株式会社ケイブは6月3日(金)、株式会社でらゲーを約50億2300万円で買収すると発表(PDF)した。
ケイブは『怒首領蜂大往生』や『虫姫さま』、『ケツイ~絆地獄たち~』といったシューティングゲーム作品で知られる日本のゲーム製作会社。これまでには家庭用ゲーム機やスマートフォン、PCなど幅広いプラットフォームに向けた数々のコンテンツを提供してきた。
現在の収益の軸となるのはスマートフォンゲーム『ゴシックは魔法乙女~さっさと契約しなさい!~』(以下、ゴシックは魔法乙女)。2022年2月28日までの第28期第3四半期では売上高構成比率の34%を本作が占めるなど、『ゴシックは魔法乙女』の動向によって会社の業績が大きく左右される状況が継続している。
しかし同作もすでにリリースから7年が経過し、ケイブとしてはゲーム領域以外の事業の創出が急務であると認識しているという。2017年5月期から2021年5月期まで5期連続の営業赤字を計上しており、業績回復と企業価値の向上には新たな収益源となるコンテンツが必要不可欠な状況となっているとのことである。
一方のでらゲーは、スマートフォンゲーム『モンスターストライク』の開発、運営に携わったという優れた実績を持つゲーム制作会社だ。かねてよりテレビ朝日、ケイブ、でらゲーの3社間でスマートフォンゲーム制作委員会を組成していた経緯もあり、ケイブとの親交は深い。ケイブの代表取締役社長である秋田英好氏がでらゲーの役員を兼任していることもあり、以前には第三者割当を行う資本提携契約を締結していた。
そのような背景があり、2022年1月ごろから秋田氏とでらゲーの代表取締役社長である家次栄一氏との間で、ケイブがでらゲーを子会社化することについての議論が展開されてきた。
結果的に、家次氏はケイブグループに入ることによって事業における統制管理が強化され、上場企業のグループ下に入ることで人材流出防止に有効であると判断。でらゲーが資金投入を行うよりも、ケイブがでらゲーを傘下に入れる方が両者の業績向上に寄与するという結論に達したという。
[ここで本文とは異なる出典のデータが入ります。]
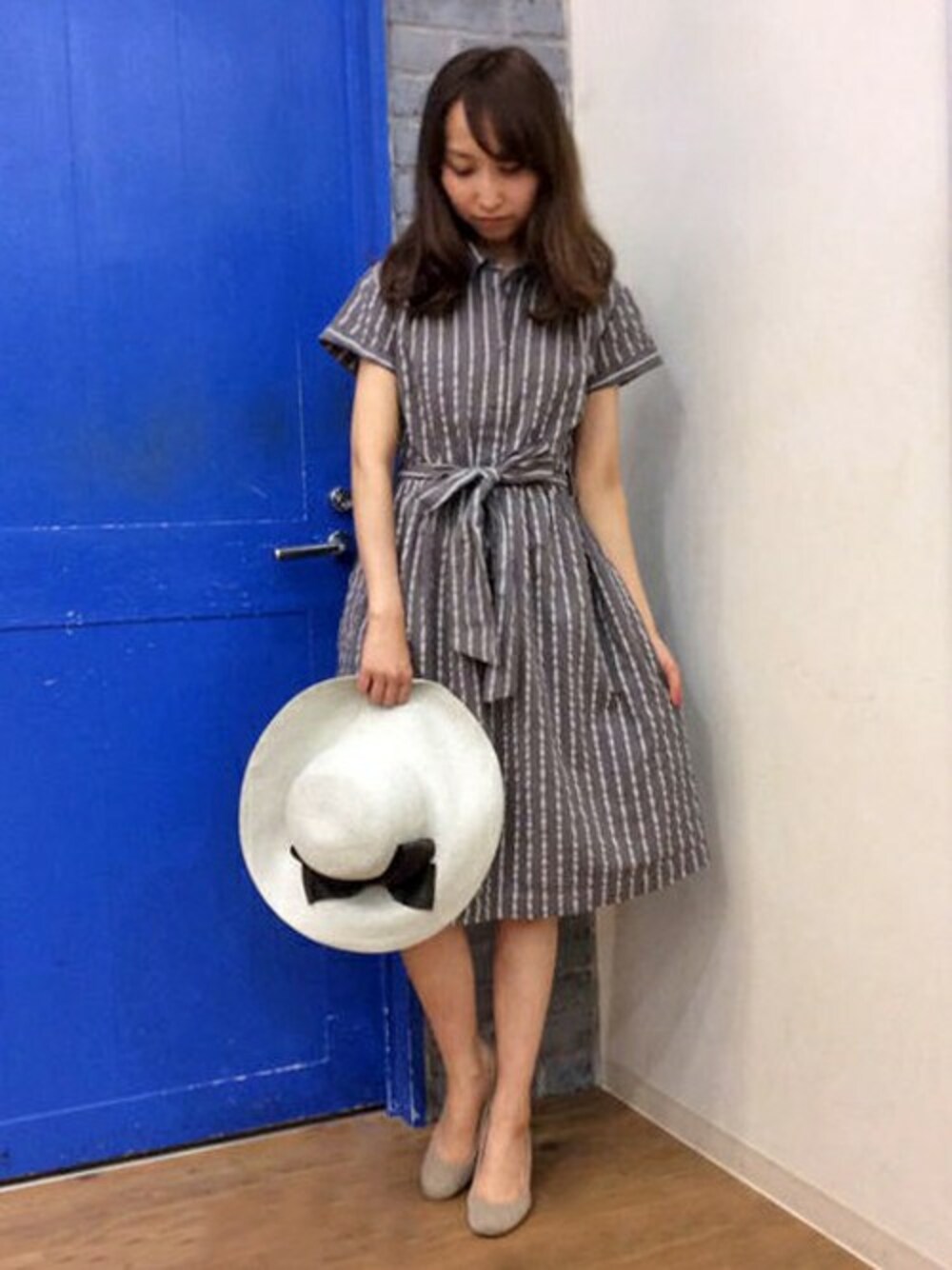 ちょっとしたおでかけにピッタリのワンピースコーディネート。 涼しげなストライプのワンピースは、リネンがはいって暑い季節もさらりとした着心地です。 ツバ広ハットとパンプスをあわせると大人の女性らしい雰囲気UPします♪

また、でらゲーの幹部社員にはケイブの取締役である岡本吉起氏をよく知る人物もおり、人的な信頼関係を期待できることも今回の買収の理由のひとつとして挙げられている。
本件は8月開催予定のケイブ定時株主総会にて付議される予定となっている。決議すれば、9月1日(木)をもってでらゲーはケイブの連結子会社となる。なお、これによるケイブの連結業績への影響は現在精査中とのことであり、開示すべき事由が生じた際には発表するとのこと。詳細については、ケイブのIRニュースページも参照されたい。